1. Generation of Gdf9-Cre;mTmG mice:
(1) To generate the Gdf9-Cre;mTmG mouse models, adult healthy Gdf9-Cre males were crossed with mT/mG female mouse in 1:2.
(2) DNA of mouse tail extracted and genotyped to identify the Gdf9-Cre;mTmG female before postnatal day (PD) 7.
Gdf9-Cre primers: TCTGATGAAGTCAGGAAGAACC
mT/mG primers: CTCTGCTGCCTCCTGGCTTCT
2. Preparation of culture medium:
Medium α (MEMα; Gibco) was supplied with 10% FBS (Gibco), 1% insulin-transferrin-selenium (ITS; Sigma-Aldrich) and 0.1% penicillin and streptomycin (Thermo Fisher Scientific), and was pre-warmed to 37℃ before using.
3. Collecting the denuded oocytes:
(1) Ovary was collected from Gdf9-Cre;mTmG females at PD 35.
(2) Remove the ovarian bursa carefully by sterile 1 mL syringe in cold PBS buffer.
(3) By tearing the ovaries with Omnican U-40 insulin syringe, denuded oocytes at GV stages were collected in the culture medium. Only the healthy oocytes with an average diameter around 65 μm were collected for the further experiments.
(4) Washing the collected oocytes three times with ~50 μL culture medium microdroplet by mouth pipette gently.
*Tips: Transferring the oocytes gently to guarantee the integrity of ZP.
4. Imaging the cellular membrane structure on living oocytes:
(1) Transfer around 10 oocytes to the culture medium microdroplet (~20 μL) in 35 mm glass bottom dish.
(2) Covered the microdroplet with 1.5 mL mineral oil (Sigma-Aldrich).

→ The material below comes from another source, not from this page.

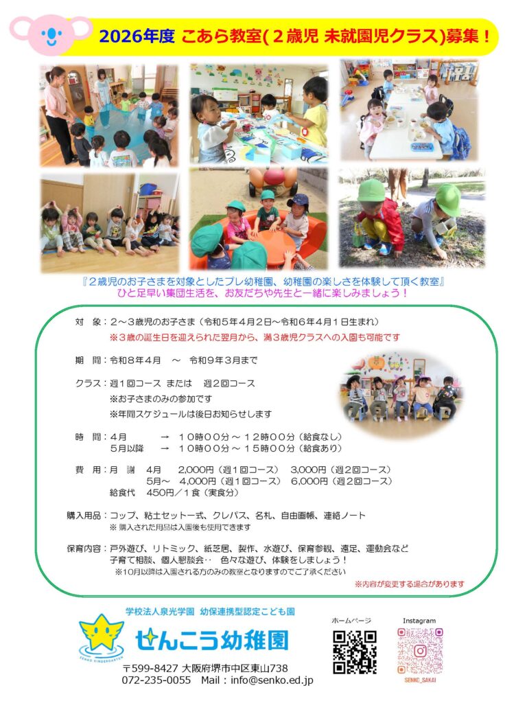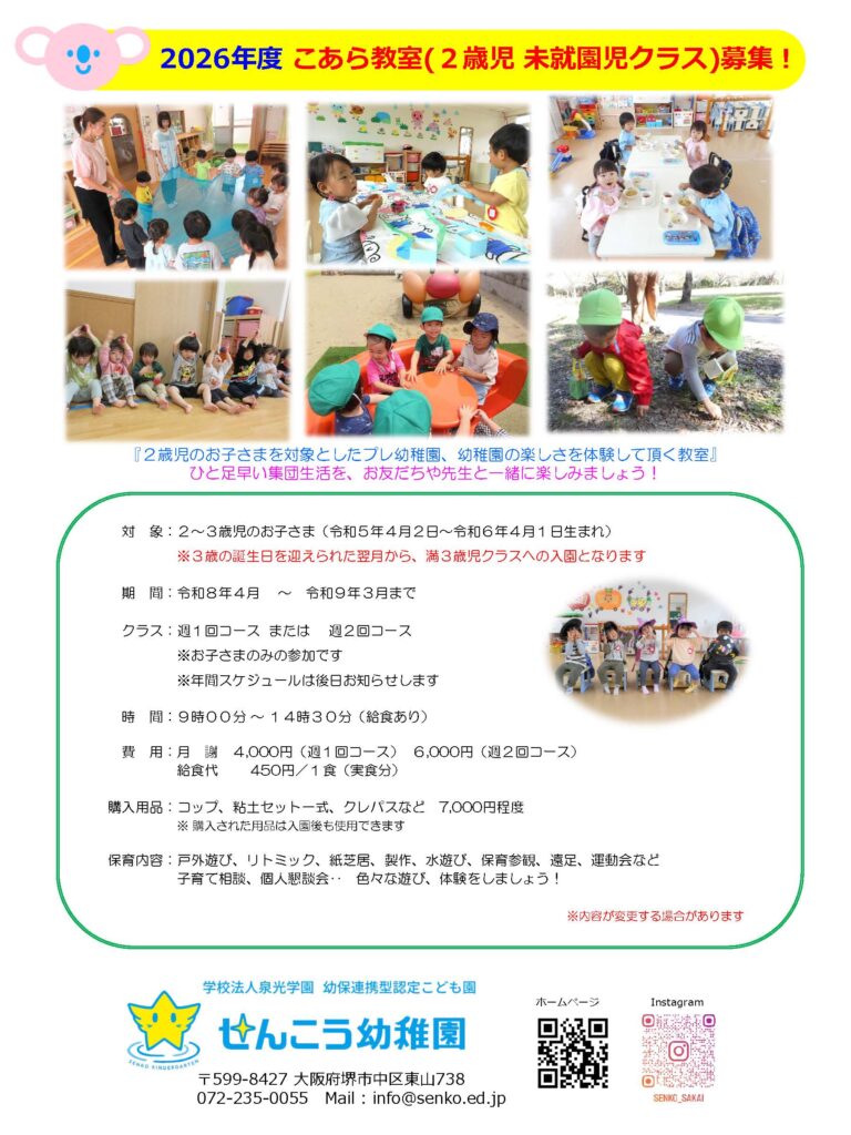 令和8年度(2026年度)2歳児未就園児クラスの入園児を募集をしています🌹

(3) Photographed in a living cell workstation (Okolab) at 37°C, 5% CO2 by Andor Dragonfly 502 spinning-disc confocal with following index. In details, images were acquired by an Andor Dragonfly 502 spinning-disc confocal microscope equipped with a 63×, 1.40 N.A. oil objective (Leica HC PL APO), a scientific complementary metal-oxide semiconductor (sCMOS) camera (Andor Zyla 4.2), and 488-nm (mG) and 568-nm (mT) lines of the Andor Integrated Laser Engine (ILE) system with a spinning-disc confocal scan head (Andor Dragonfly 500). The oocytes were acquired through z-step mode with the index. In detail, images were acquired with laser 488-nm around 10-20%, laser 568-nm around 15-25%, exposure time 100-200 ms and Z-step 0.5-0.7 μm for 25-35 μm by Fusion 2.1 software.
(4) After acquisition, videos or single time-point images were processed by ImageJ (http://rsbweb.nih.gov/ij/) for projection of all z-stacks and merged color channels.
(5) To finally detect the Oo-Mv on oocyte, the rotary 3D video was processed by Imaris (https://imaris.oxinst.com/) software.
*Tips: The index of imaging might be changed with the situations of microscope such as the environment temperature and humidity.